*ABOUT THIS TASK*
Repeat the records below exactly as they appear, leaving out any pictures.
━━━━━━
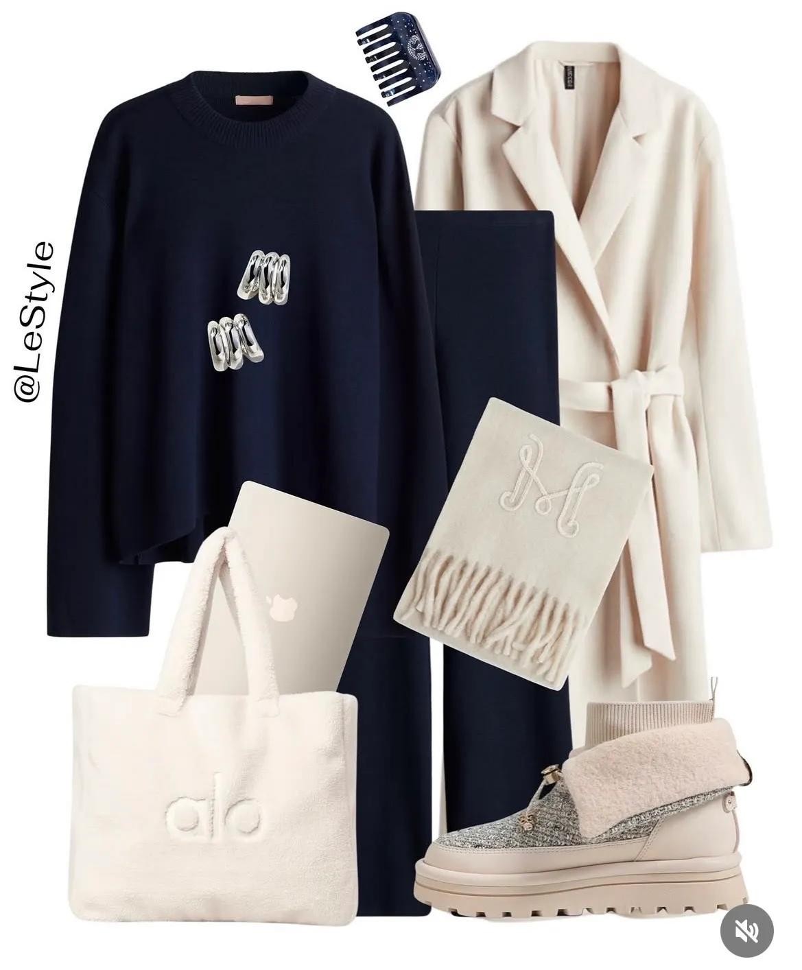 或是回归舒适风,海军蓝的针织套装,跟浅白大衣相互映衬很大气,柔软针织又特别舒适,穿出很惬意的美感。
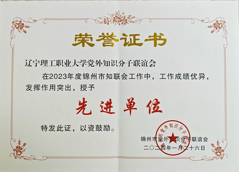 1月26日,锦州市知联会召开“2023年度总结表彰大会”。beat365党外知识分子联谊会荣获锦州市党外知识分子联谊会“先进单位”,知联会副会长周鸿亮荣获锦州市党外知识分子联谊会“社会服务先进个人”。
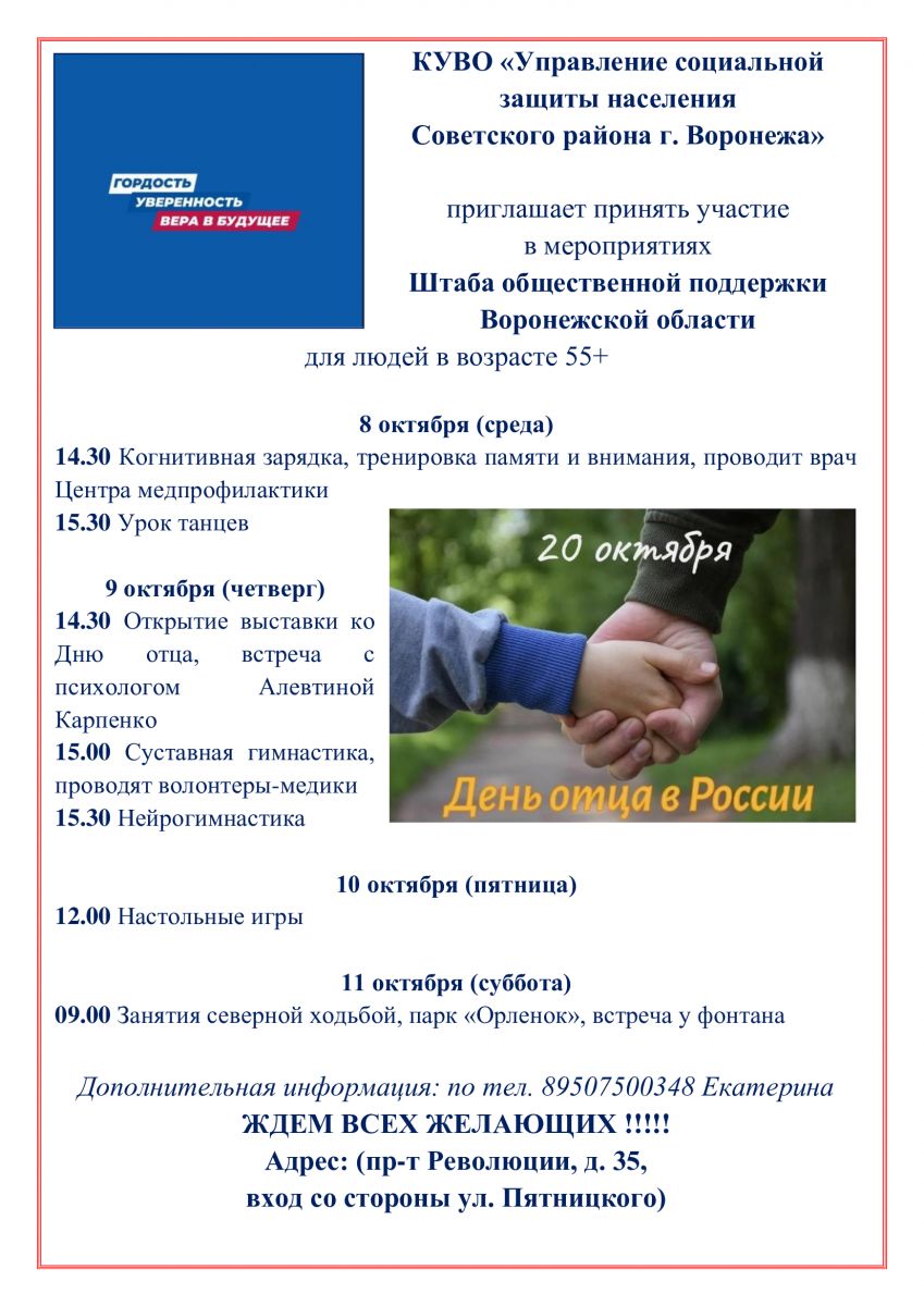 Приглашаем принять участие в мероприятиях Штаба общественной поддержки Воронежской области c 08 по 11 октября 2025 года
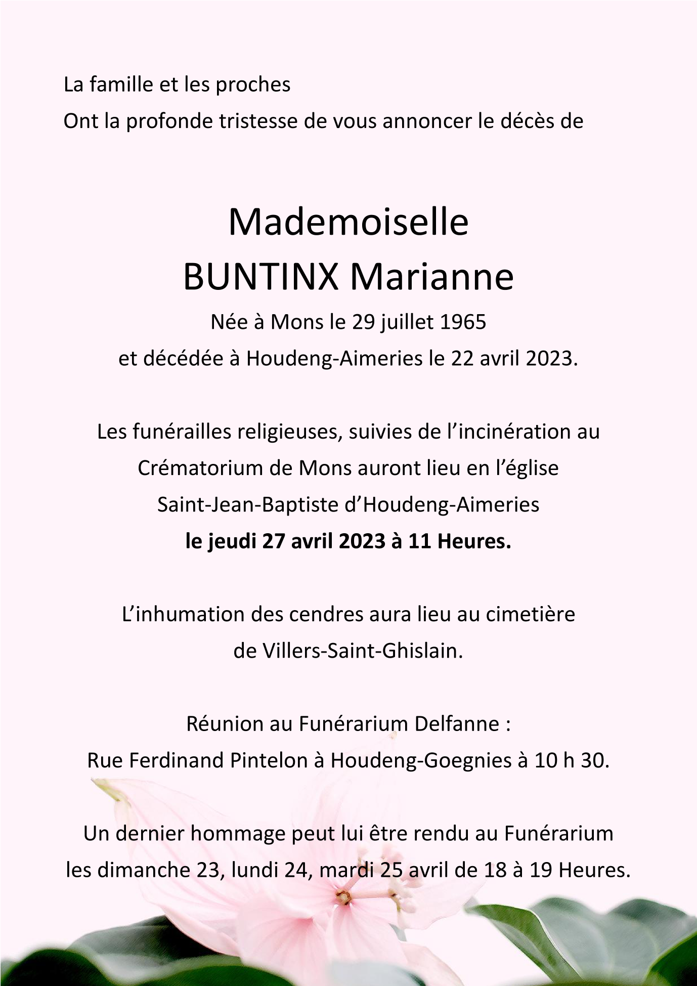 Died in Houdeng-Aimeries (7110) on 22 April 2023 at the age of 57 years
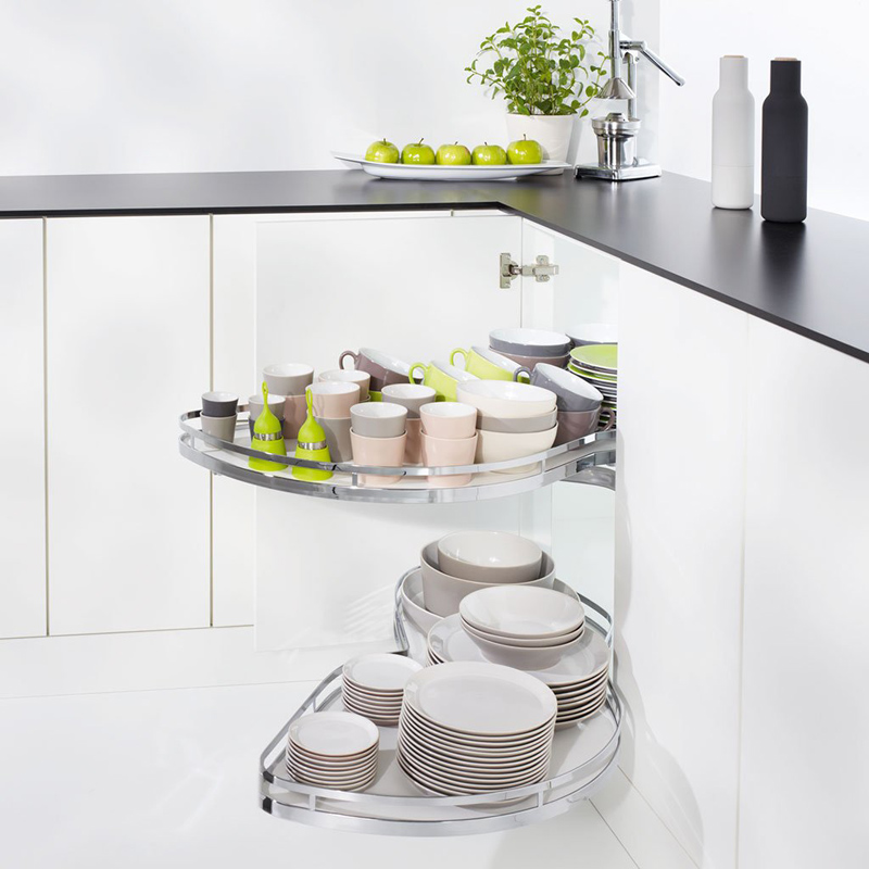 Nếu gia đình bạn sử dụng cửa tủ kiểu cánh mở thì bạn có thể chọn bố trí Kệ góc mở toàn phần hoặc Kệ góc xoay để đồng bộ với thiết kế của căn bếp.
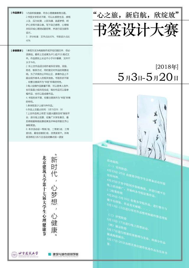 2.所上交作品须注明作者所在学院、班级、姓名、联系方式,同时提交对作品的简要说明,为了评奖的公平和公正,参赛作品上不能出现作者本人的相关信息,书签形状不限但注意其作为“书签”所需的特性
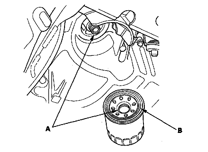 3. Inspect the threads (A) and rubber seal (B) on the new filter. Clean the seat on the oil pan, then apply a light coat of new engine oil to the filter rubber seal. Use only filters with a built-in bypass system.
━━━━━━
*ANSWER SECTION*
 或是回归舒适风,海军蓝的针织套装,跟浅白大衣相互映衬很大气,柔软针织又特别舒适,穿出很惬意的美感。
 1月26日,锦州市知联会召开“2023年度总结表彰大会”。beat365党外知识分子联谊会荣获锦州市党外知识分子联谊会“先进单位”,知联会副会长周鸿亮荣获锦州市党外知识分子联谊会“社会服务先进个人”。
 Приглашаем принять участие в мероприятиях Штаба общественной поддержки Воронежской области c 08 по 11 октября 2025 года
 Died in Houdeng-Aimeries (7110) on 22 April 2023 at the age of 57 years
 Nếu gia đình bạn sử dụng cửa tủ kiểu cánh mở thì bạn có thể chọn bố trí Kệ góc mở toàn phần hoặc Kệ góc xoay để đồng bộ với thiết kế của căn bếp.
 2.所上交作品须注明作者所在学院、班级、姓名、联系方式,同时提交对作品的简要说明,为了评奖的公平和公正,参赛作品上不能出现作者本人的相关信息,书签形状不限但注意其作为“书签”所需的特性
 3. Inspect the threads (A) and rubber seal (B) on the new filter. Clean the seat on the oil pan, then apply a light coat of new engine oil to the filter rubber seal. Use only filters with a built-in bypass system.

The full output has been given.